BankenrettungAn die Sparer
13.04.2013 · Es ist möglich und richtig, die Sparer an der Rettung ihrer Bank zu beteiligen. Das sollte Usus werden.
Von LISA NIENHAUS
Wirtschaftswissenschaftler haben einen entscheidenden Nachteil gegenüber Biologen, Medizinern oder Chemikern. Sie haben zwar genauso viele gute Ideen und eine Menge Theorien, aber sie haben kein Labor, um sie in großem Stil zu testen (und gegebenenfalls zu verwerfen). In den wenigen Laboren, die Ökonomen verwenden, kann man nur Kleinstversuche machen, nicht simulieren, was etwa passiert, wenn man eine Bank pleitegehen lässt, und wie und ob man sie am besten rettet. Für die großen Fragen ist die Wirklichkeit das Labor.
Und da ist es ratsam, dass man bei Experimenten mit explosivem Material möglichst ein abgegrenztes Feld auswählt. Gefunden haben die Politiker das dieser Tage in Zypern, einer Insel, schon geographisch klein, auch wirtschaftlich nicht gerade bedeutend und mit Banken in höchster Not. Hier kann man doch mal etwas ausprobieren, ohne dass gleich das Finanzsystem der Welt zusammenbricht. So dachte man wohl und hat bei der Rettung der Banken und der Staatsfinanzen erstmals verwirklicht, was Ökonomen aller Art gerne fordern: Wenn eine Bank in Schieflage gerät, lasst nicht nur den Steuerzahler einspringen. Beteiligt die Gläubiger!
Wer Geld aufs Bankkonto legt, gibt Kredit
In Zypern bedeutet das: Nicht nur der Euro-Rettungsfonds und der Internationale Währungsfonds, also die Steuerzahler, helfen dem Land und seinen Geldhäusern, sondern auch die Gläubiger der wankenden Banken, gezwungenermaßen. Dazu gehören - und das ist brandneu - auch die Sparer, die dort mehr als 100.000 Euro auf dem Konto haben.
Und weil die Gläubigerbeteiligung im Insel-Labor bislang bestens funktioniert, soll sie nach dem Willen der Europäischen Kommission jetzt sogar für künftige Rettungen Standard werden. Erst sollen Aktionäre und Anleiheinhaber der Banken zur Kasse gebeten werden, dann Sparer - und dann erst der europäische Rettungsfonds.
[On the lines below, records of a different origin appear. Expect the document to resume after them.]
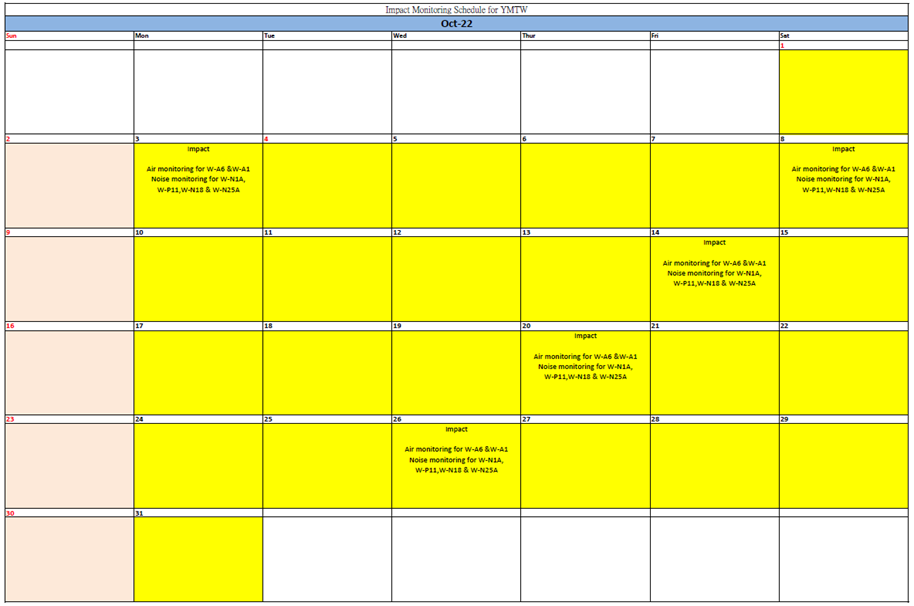 A.5 Joint weekly site inspections were conducted by representatives of the Contractor, Engineer and Contractor’s ET on 6, 13, 20 and 27 October 2022. One joint site inspection with IEC also undertaken on 20 October 2022. Details of the audit findings and implementation status are presented in Section 5.
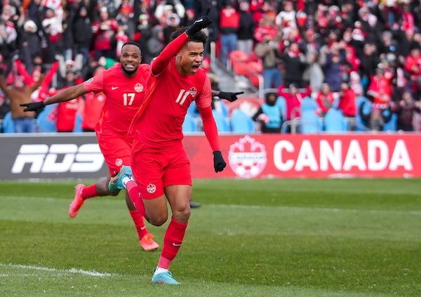 Canada’s Tajon Buchanan celebrates after scoring a goal during a World Cup qualifying match against Jamaica, in Toronto, on March 27, 2022.Nathan Denette/The Canadian Press
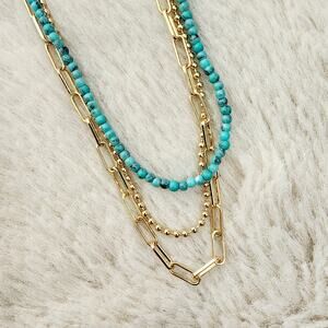 NEW J. Crew Beaded Triple Layer Gold and Turquoise Necklace
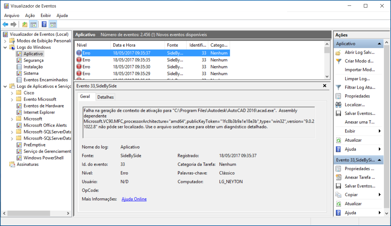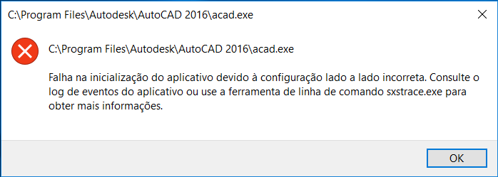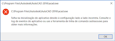Falha na geração de contexto de ativação para “C:Program FilesAutodeskAutoCAD 2016acad.exe”. Assembly dependente Microsoft.VC90.MFC,processorArchitecture=”amd64″, publicKeyToken=”1fc8b3b9a1e18e3b”, type=”win32″, version=”9.0.21022.8″ não pôde ser localizado.

Das ist logisch und richtig: Wer jemandem Geld leiht, der muss damit rechnen, dass dieses Geld weg ist, wenn der andere pleitegeht. Erst dann lässt er die nötige Vorsicht walten. Das gilt für jeden Kredit. Auch für den, den man seiner Bank gibt. Viele Menschen erkennen erst durch Zypern: Wer sein Geld auf ein Konto bei einer Bank legt, tut nichts anderes, als ihr Kredit zu geben. Er ist Gläubiger und damit ab jetzt potentiell gefährdet, wenn die Hausbank pleitegeht.
In Zypern gab es keinen Massenansturm auf die Banken
Bislang sprachen die Fakten eher dafür, sich keine Gedanken darüber zu machen, bei welcher Bank man sein Konto hat. Politiker wie Angela Merkel oder Peer Steinbrück betonten zwar immer wieder, dass auch Gläubiger haften sollten. Passiert ist aber zuletzt das Gegenteil davon. Vor allem mitten in der Finanzkrise sorgte man sich dermaßen um „Ansteckungseffekte“ und „Bank Runs“, dass die Gläubiger vollkommen unbehelligt blieben, erst recht die Sparer unter ihnen, die schließlich auch Wähler sind. Weder bei der IKB noch bei der Commerzbank mussten sie ran. Zu sehr fürchtete man, eine Finanzpanik wie nach der Lehman-Pleite hervorzurufen. Die gehört nach Meinung vieler Ökonomen in die Kategorie: Experiment gescheitert.
Der Fall Zypern zeigt jetzt deutlich: Es kommt darauf an, wie man es macht, wenn man Gläubiger beteiligt. Bislang gab es in Zypern weder einen Massenansturm auf die Banken, noch sind Anleger verstört aus dem gesamten Euroraum geflohen. Das ist ein Glück, denn nur wer die Gläubiger zur Verantwortung zieht, kann hoffen, dass sie sich beim nächsten Mal genauer überlegen, wem sie ihr Geld geben oder wo sie ihr Konto eröffnen. Jetzt gibt es nur noch eine Frage: Kann das auch in größeren Ländern funktionieren? Hoffen wir, dass uns dieses Experiment erspart bleibt.